Es ist somit davon auszugehen, dass in der Stellungnahme zu den rechtmäßigen Emissionen des landwirtschaftlichen Betriebs vom 01.03.2024 nicht sämtliche Lärmquellen angegeben sind.

Als Hilfestellung für die Emissionserklärung darf auf den Praxisleitfaden Schalltechnik in der Landwirtschaft, frei downloadbar auf der Homepage des Umweltbundesamts www.umweltbundesamt.at/studien-reports/publikatonsliste hingewiesen werden.

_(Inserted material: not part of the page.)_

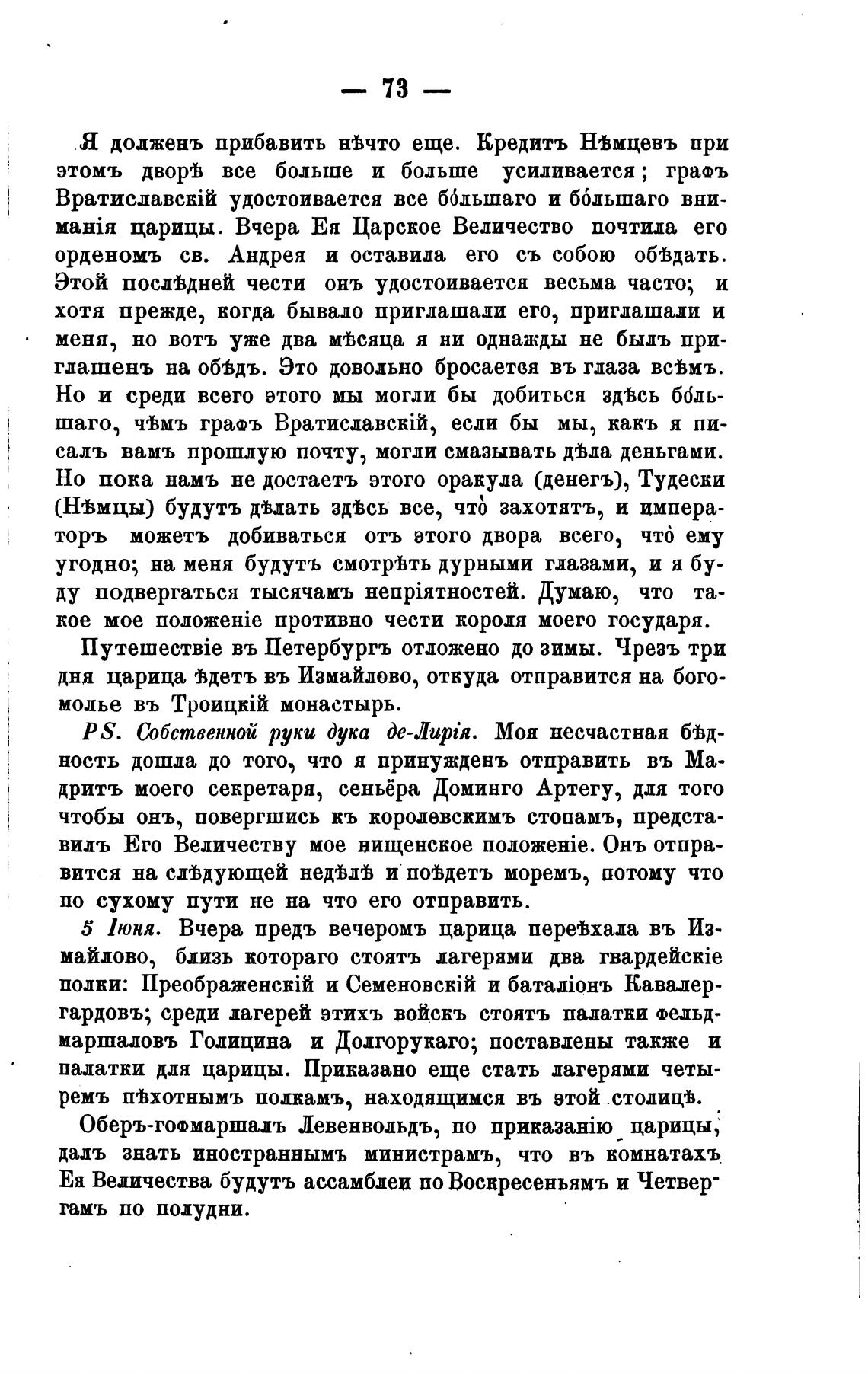5 1юня. Вчера предъ вечеромъ царица переВхала въ Из-

Für die Anwendung des Praxisleitfadens wird empfohlen, sich eines befähigten Schalltechnikers zu bedienen.“

Diese Stellungnahme wurde den Verfahrensparteien am 26.6.2024 zur Kenntnis und mit dem Ersuchen um allfällige Stellungnahme bis spätestens 24.7.2024 übermittelt.

Nach gewährter Fristerstreckung erfolgte am 21.8.2024 eine Stellungnahme des Beschwerdeführers, in welcher die seitens des schalltechnischen Amtssachverständigen geforderten Angaben zu Betriebsabläufen, technischer Ausstattung und Nutzung erläutert und konkretisiert wurden.

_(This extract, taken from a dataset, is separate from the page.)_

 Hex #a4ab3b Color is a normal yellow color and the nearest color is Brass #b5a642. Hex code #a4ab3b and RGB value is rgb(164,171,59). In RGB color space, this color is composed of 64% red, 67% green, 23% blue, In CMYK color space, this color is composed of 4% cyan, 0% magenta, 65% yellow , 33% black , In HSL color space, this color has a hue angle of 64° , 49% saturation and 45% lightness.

Mit Mail des Landesverwaltungsgerichts Tirol vom 9.10.2024 wurde der Rechtsvertretung des Beschwerdeführers mitgeteilt, dass die in der Stellungnahme vom 21.8.2024 angeführten Rahmenbedingungen aus Sicht des schalltechnischen Amtssachverständigen für eine schalltechnische Beurteilung weiterhin nicht ausreichen, sondern es viel mehr erforderlich sei, sämtliche verwendeten Maschinen mit Type und exakten Betriebszeiten zu individualisieren, sowie den aktuellen Viehbestand detailliert zu beschreiben. Erst nach entsprechender Bekanntgabe dieser Daten sei die Durchführung eines Lokalaugenscheines durch den schalltechnischen Amtssachverständigen überhaupt erst gangbar. Es wurde daher um Überarbeitung der Stellungnahme bis 5.11.2024 ersucht, widrigenfalls ohne weitere Beweisaufnahme entschieden werde.

Mit Stellungnahme vom 31.10.2024 wurden seitens des Beschwerdeführers weitere Angaben hinsichtlich des Viehbestandes und der zum Einsatz gelangenden Maschinen sowie der diesbezüglichen Betriebszeiten gemacht.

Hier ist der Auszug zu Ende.